It depends on the context, so not all of these will be relevant.
Has the model been overfitted to its training data? For instance, a model to tell photos of cats from photos of dogs might accidentally be trained on photos of dogs that are outdoors and cats sat on furniture indoors. So the model actually detects grass vs. chairs rather than dogs vs. cats. So it’s worth testing with valid data that’s unlike the training data e.g. indoor dogs and outdoor cats.
If the model gives a yes / no, what are its most important rates - true positive, false positive, true negative, and false negative? Do all 4 combinations matter the same amount in your context?
Do errors occur equally for all kinds of input, or are they more common for certain subsets of the input space? Does this matter in your context?
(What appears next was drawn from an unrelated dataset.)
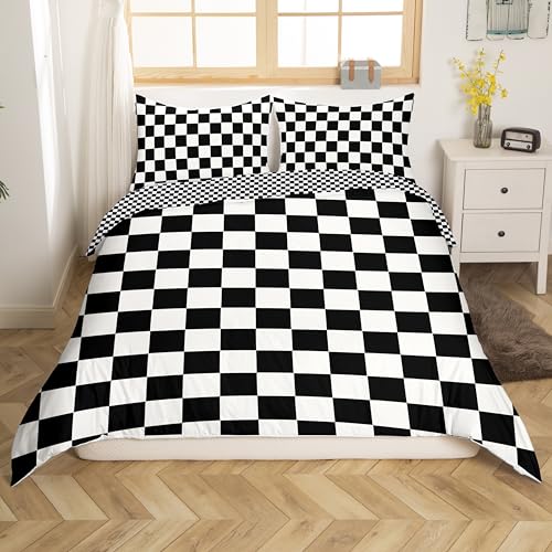 Buffalo Check Bedding Set Modern Black White Plaid Duvet Cover Double for Kids Women Men Soft Reversible Geometric Gingham Comforter Cover Farmhouse Nordic Grid Pattern Bedroom Decor Bedspread

The improvement over time probably won’t come for free. In production, the model will be frozen and so will give the same output if given the same input more than once. The behaviour will change only when the model is retrained.
This retraining could happen after X more time has passed, after X more data has been processed, or the performance of the model has dropped by / below X. (The last one is if the data is gradually changing over time, so a fixed model will become less and less accurate.)
Which kind of threshold to trigger retraining makes most sense for your context?
It’s probably something you have at least partly sorted because of the data engineering that’s currently happening, but traceability, provenance, governance etc. are all important. If the model starts behaving differently (maybe worse) today than yesterday, can you work out why? Was a new model released? Why and by whom? Was this a manual process and someone forgot a step? What data was version X of the model trained on? Version X-1? Can you easily go back to version X-1? Can you produce a model that’s trained on the same data as version X,-1, but then train it further on new data?
There are some architecture or design questions to consider (which I realise is much easier said than done). There’s more than one kind of model that you could use - would you get better performance with a different one? For a given model there can be big parameters to tune e.g. how many layers to have in a neural network.
Even with the type and basic structure fixed, there’s the question of features. Instead of plugging all available data into the model, a pre-processed subset (the features) is used. First, a subset of the variables is chosen (by a human) because it is most strongly linked to the desired output. Once this filtering has happened, simple maths can occur before the features are ready, e.g. applying log to base 10, taking the minimum of two bits of data etc.
Are the features the right ones? Are there inputs with the same or similar features, that should lead to different outputs?